Dollar Tree Inc. is urging its investors to carefully review a “mini-tender” offer from the investment firm TRC Capital Investment Corp.
The Chesapeake, Va.-based discounter said it was informed that TRC was offering to buy 1.5 million shares at $89.88 per share from existing holders—a price that was 4.44% below the closing share price of Dollar Tree stock on the day the offer was made.
Mini-tender offers seek to acquire less than 5% of a company’s outstanding shares, thereby avoiding disclosure and procedural requirements under U.S. federal securities laws. As a result, mini-tender offers often do not provide investors with the same level of protections as provided by larger tender offers under the U.S. federal securities laws.
TRC has a history of making similar offers to shareholders of other companies.
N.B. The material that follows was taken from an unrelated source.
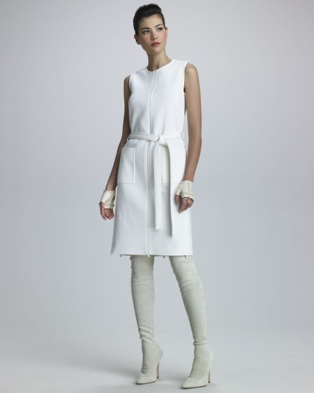 A short straight dress of light or white color can be decorated with a wide leather belt with a braided cord. Well, if the color of the belt matches the shade of the handbag, it will bring harmony into the trendy set.

If successful, the strategy can fuel fast and lucrative trades.
On its website, the U.S. Securities and Exchange Commission advises that the people behind these offers “frequently use mini-tender offers to catch shareholders off guard,” and that investors “may end up selling at below-market prices.”
Dollar Tree said it “expresses no opinion and is remaining neutral toward TRC’s offer.” But it emphasized that shareholders are not required to respond to TRC’s offer. The offer is set to expire Jan. 24, but TRC may extend the offer or terminate it before the expiration date.